Sur l'existence d'un doute sérieux quant à la légalité de la décision attaquée :
- la décision est insuffisamment motivée ;
- elle est entachée d'une erreur de droit, dès lors que l'administration était tenue d'enregistrer sa demande de renouvellement de titre de séjour, qui était complète, et de lui délivrer un récépissé, en application de l'article R. 431-12 du code de l'entrée et du séjour des étrangers et du droit d'asile ;
- elle est entachée d'une erreur manifeste d'appréciation de sa situation personnelle ;
- elle a méconnu les stipulations et les dispositions des articles 8 de la convention européenne de sauvegarde des droits de l'homme et des libertés fondamentales et L. 435-1 du code de l'entrée et du séjour des étrangers et du droit d'asile.
Par un mémoire en défense, enregistré le 18 avril 2023, le préfet de police conclut au rejet de la requête.
Il fait valoir que l'urgence n'est pas caractérisée.
Vu :
- les autres pièces du dossier ;
- la requête enregistrée le 8 avril 2023 sous le numéro 2308018 par laquelle M. C D demande l'annulation de la décision attaquée.
Vu :
- la convention européenne de sauvegarde des droits de l'homme et des libertés fondamentales ;
- le code de l'entrée et du séjour des étrangers et du droit d'asile ;
- le code de justice administrative.
Le président du tribunal a désigné M. Rohmer, vice-président de section, pour statuer sur les demandes de référé.
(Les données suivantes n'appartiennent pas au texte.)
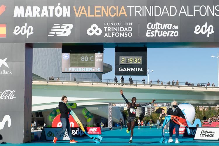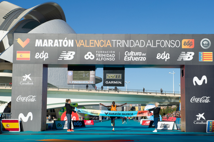 Lawrence Cherono mit einer Zeit von 02:05:10 und Nancy Jelagat mit 02:19:31 haben heute den 41. Trinidad Alfonso EDP Valencia Marathon gewonnen. Diese Ausgabe war gekennzeichnet von der Rückkehr tausender Hobbyläufer nach zwei Jahre Abwesenheit.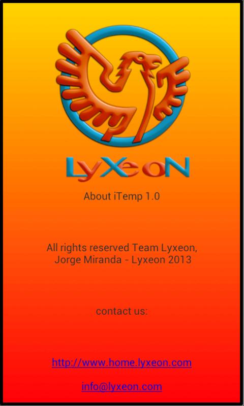 iTemp mini(包名:com.lyxeon.itemp)開發者是LyXeoN Dev Team,iTemp mini的最新版本1.0.4更新時間為2013年04月09日。iTemp mini的分類是天氣。您可以查看iTemp mini的開發者下的所有應用。目前這個應用免費。該應用可以從APKFab或Google Play下載到Android 2.3.4+。APKFab.com的所有APK/XAPK文檔都是原始文檔並且100%安全下載的資源。
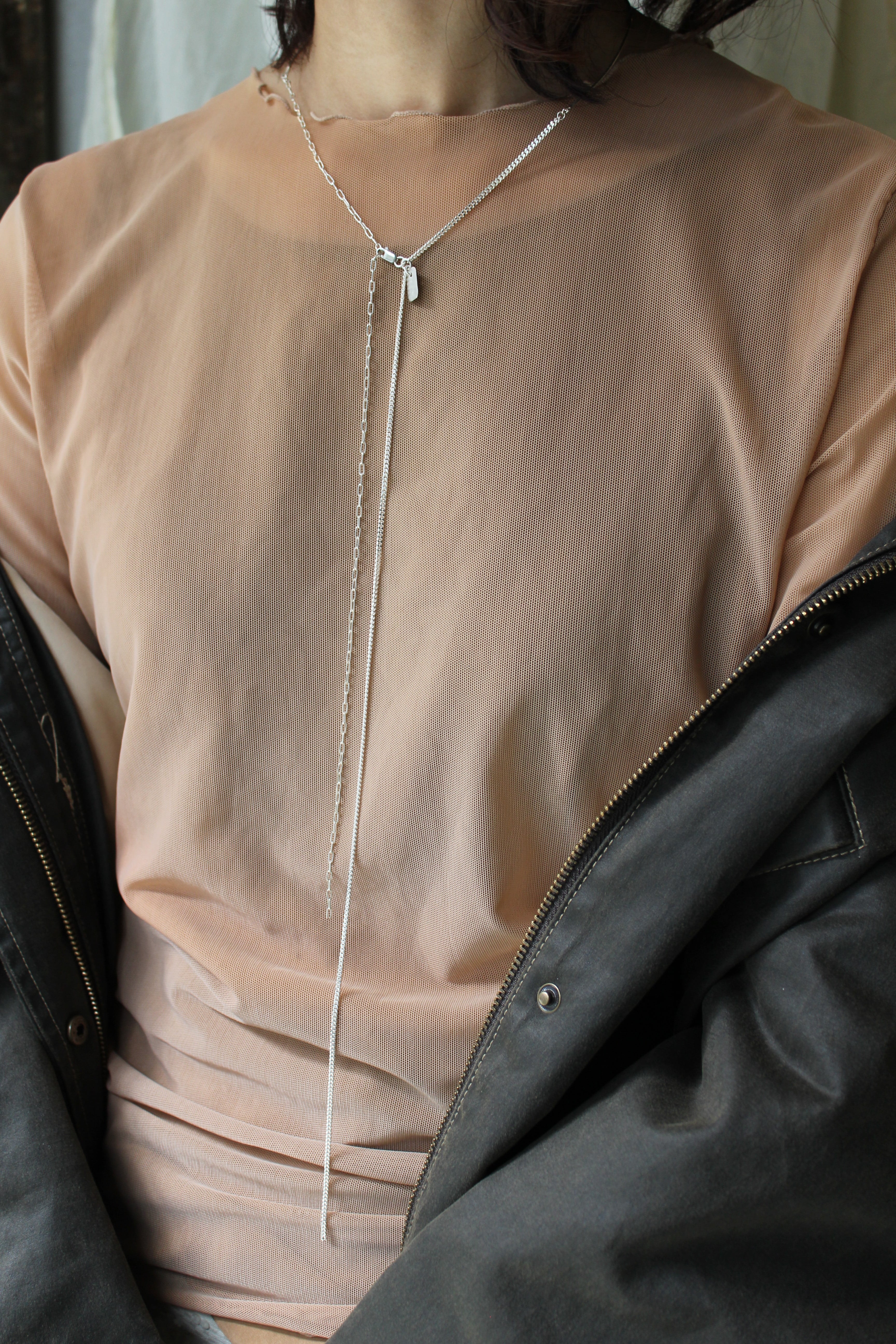 正面と後ろどちらでも使用でき、チェーンをあえて長めにとっているので、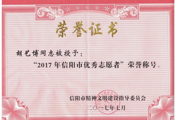 工作方面:该生担任环境保护协会会长期间,以“形式多样、内容丰富,立足实际、服务同学”为宗旨开展多项特色活动,多次被评为“优秀社团干部”、“先进个人”、“社团活动积极分子”;被信阳市精神文明建设指导委员会授予“2017年信阳市优秀志愿者”荣誉称号。担任学生会副主席期间,协助老师完成学院系列工作,牢固树立为学生服务,为学院服务的理念。任职期间,组织参与了学院的迎新活动、元旦晚会、运动会训练与后勤、讲价值观故事,实现青春梦想、毕业典礼等多项活动。担任审核评估学生助理期间,协助学院领导老师整理评估材料、检查试卷、论文、档案、实习材料、教案教纲等。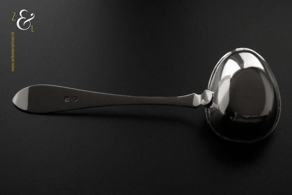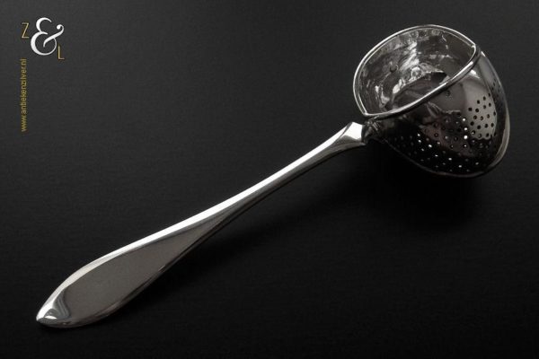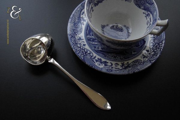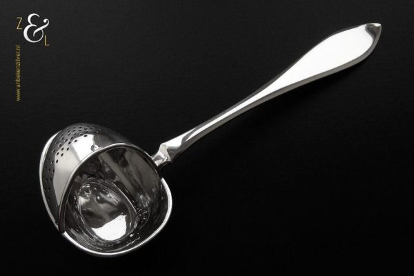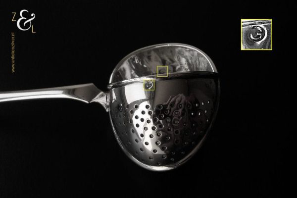 Theezeeflepel gemaakt in Sneek Friesland door de Firma Johan Schijfsma / J. Schijfsma / A.M. Sustring & J. Schijfsma (meesterteken JS boven III in vierkant) in het jaar 1916 (jaarletter G). Deze zwaar uitgevoerde zilveren theezeeflepel model puntfilet weegt 66 gram en is 17.1 cm lang. De bak is 5.8 cm lang bij 4.5 cm breed. Het kantoorstempel van Leeuwarden “Minerva” is in de bak gestempeld en daardoor moeilijk te fotograferen (zie foto). De theekop is ter decoratie.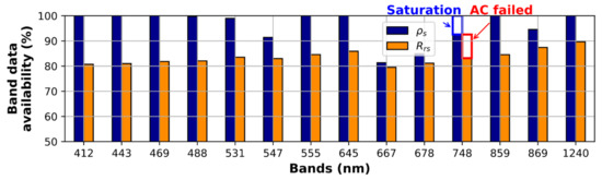 The percentage of valid spectral data for MODIS L2 Rrs and ρs from the WLE grid data.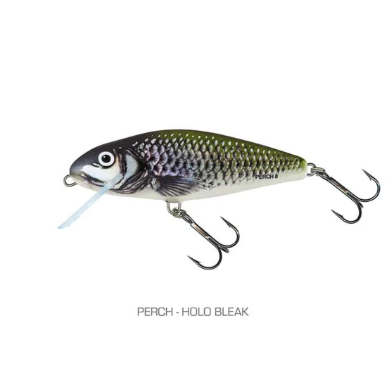 Creat pentru a atrage si a captura diferite tipuri de pesti rapitori in special stiuca, acest vobler se remarca prin forma sa inovatoare si prin detaliile atent lucrate. Salmo Perch are un corp compact si aerodinamic, perfectionat pentru a avea o evolutie rapida in masa apei in timpul recuperarilor si pentru a imita in mod eficient comportamentul hranirii pestilor vizati. Forma sa aerodinanica, permite voblerului sa obtina distante considerabile in laseuri. Acest vobler este echipat cu doua ancore triple de inalta calitate din otel inoxidabil, suficient de rezistente pentru a face fata dill-ului cu pestii de talie mare.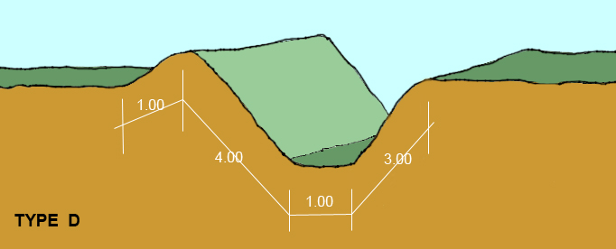 Ces routes diffèrent des précédentes par leurs dimensions et par leurs formes. L’intérieur de la route est toujours plus bas que le sol environnant. Un des talus est plus élevé que l’autre, il forme une pente de 4 mètres de longueur alors que l’autre n’atteint que 3 mètres. L’espace entre les sommets des deux talus atteint 5 mètres, pafois le côté de plus bas peut ne pas posséder de talus. La hauteur de ces talus avoisine 1 mètre et parfois on y trouve des cailloux. A l’encontre des routes de type A et B la largeur de la surface de la route est très étroite par rapport à l’ensemble, elle peut atteindre 1 mètre. Le profil forme plus un angle droit qu’un arc de cercle comme sur les routes des types A et B.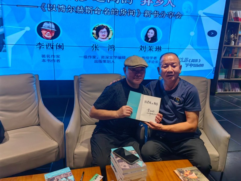 (李西闽(左)《以博尔赫斯命名的房间》新书分享会在穗举行)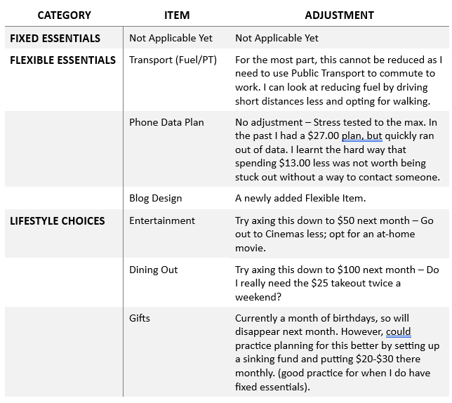 For the most part, my baseline has been stress-tested. Since I do not have Fixed essentials, it has been easy to adjust – I know this won’t be the truth for everyone out there.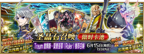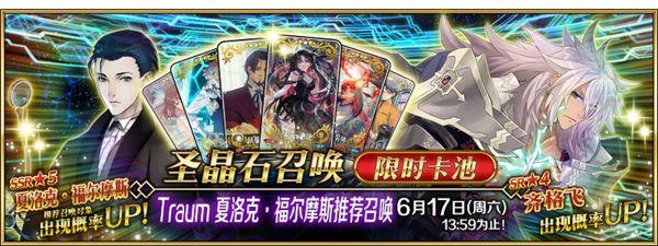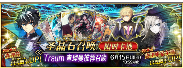 | 关联卡池 | Traum 查理曼推荐召唤 Traum 詹姆斯·莫里亚蒂(Ruler)推荐召唤 Traum 夏洛克·福尔摩斯推荐召唤 |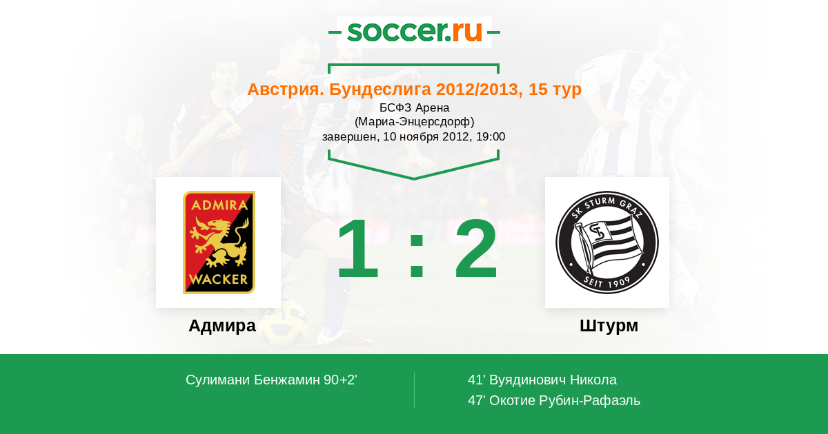 Протокол матча Адмира против Штурм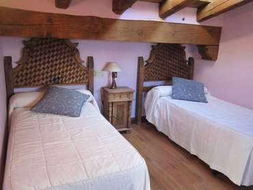Disponemos de 6 acogedoras habitaciones en estilo rústico, todas ellas en madera, con baño privado. Se alquila por habitaciones. Habitaciones dobles con posibilidad de incorporar camas supletorias o cunas. Precio 40 Euros/noche con desayuno incluido. En la segunda planta un amplio hall, bajo un techo de madera con interesante decoración. Distribuye las habitaciones. Todas ellas son dobles, con baño y televisor, de diferente tamaño, algunas con cama de matrimonio. La decoración en cada una es diferente pero siguiendo el mismo estilo que el resto del establecimiento. Tienen diferentes nombres: Las parras, Las llavecillas, La berzosa, Los riojales, los riojales, los riojales.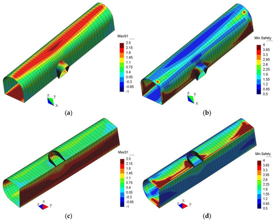 Envelope diagram of the first principal stress σ1 and minimum crack resistance safety factor for the vault and floor slab. (a) Envelope diagram of the first principal stress σ1 (Unit: MPa); (b) Minimum crack-resistance safety factor; (c) Envelope diagram of the first principal stress σ1 (Unit: MPa); (d) Minimum crack-resistance safety factor.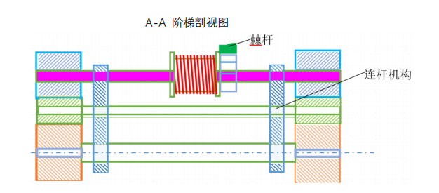 在图示右上角,有一套极具巧思的对撞装置,其主要由撞杆、销子、薄叉以及旋转轴构成。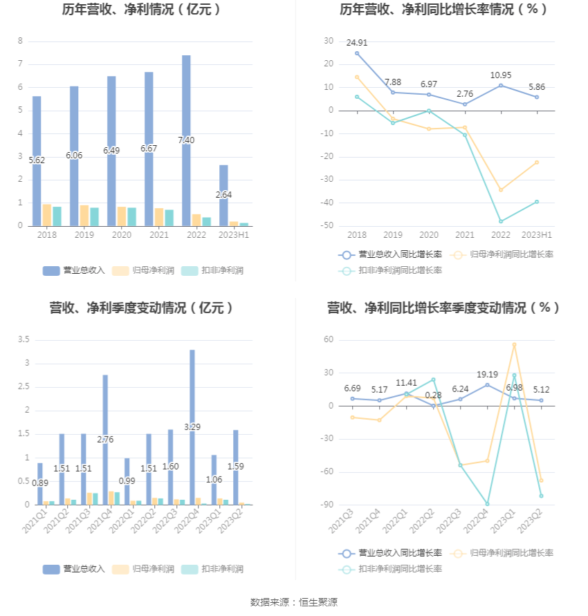 根据半年报,公司第二季度实现营业总收入1.59亿元,同比增长5.12%,环比增长50.21%;归母净利润495.03万元,同比下降67.72%,环比下降64.19%;扣非净利润249.43万元,同比下降81.81%,环比下降77.31%。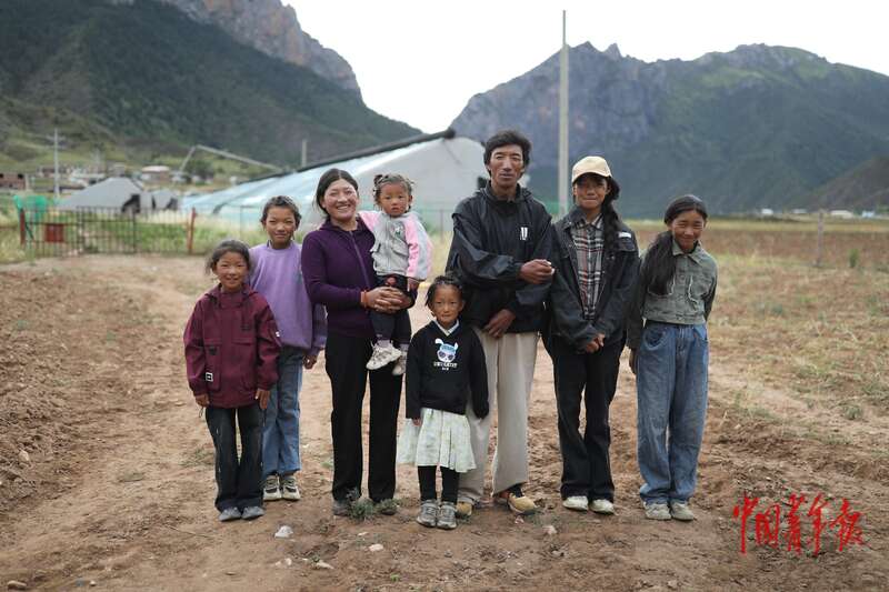 8月21日,青海省玉树藏族自治州囊谦县娘拉乡娘麦村,成林(右三)与妻子巴金(左三)和他们的孩子们。他们身后的温室大棚,为附近村民、食堂和学校提供新鲜的蔬菜。囊谦县娘拉乡位于三江源腹地,海拔近4000米,周边多山,大多数居民靠放牧为生。当地夏季时间短,但光照十分充足,成林由此萌生了在这片山脚下的平原搭建温室大棚、种植新鲜果蔬的念头。经过几年的尝试,2018年,成林成立了囊谦娘拉白吾仓种植养殖农民专业合作社,种植黑青稞、洋芋、芫根等农作物。2020年,在县委县政府、县农牧局的帮助和支持下,温棚的规模逐渐扩大,不仅为周边村民、学校带来了新鲜的蔬菜,也提供了更多就业岗位,带动村民们共同致富。中青报·中青网记者 孔斯琪/摄

Les parties ont été régulièrement averties du jour de l'audience.
Au cours de l'audience publique tenue le 19 avril 2023 en présence de Mme Gaonach-Née, greffière d'audience, M. B a lu son rapport et entendu :
- les observations de Me Da Silva, pour M. C D, qui reprend et développe les conclusions et moyens de sa requête.
Considérant ce qui suit :
1. M. C D, ressortissant de nationalité brésilienne né le 3 aout 1983, entré en France le 23 aout 2017, a sollicité, le 31 octobre 2022, une admission exceptionnelle au séjour auprès de la préfecture de police de Paris. Son dossier complet a été déposé mais il n'a obtenu qu'une confirmation de dépôt sans se voir délivrer aucun récépissé de demande de titre de séjour valant autorisation de séjour et de travail. Par la requête susvisée, M. C D demande au juge des référés, saisi sur le fondement de l'article L. 521-1 du code de justice administrative, de suspendre la décision implicite du préfet de police du 28 février 2023.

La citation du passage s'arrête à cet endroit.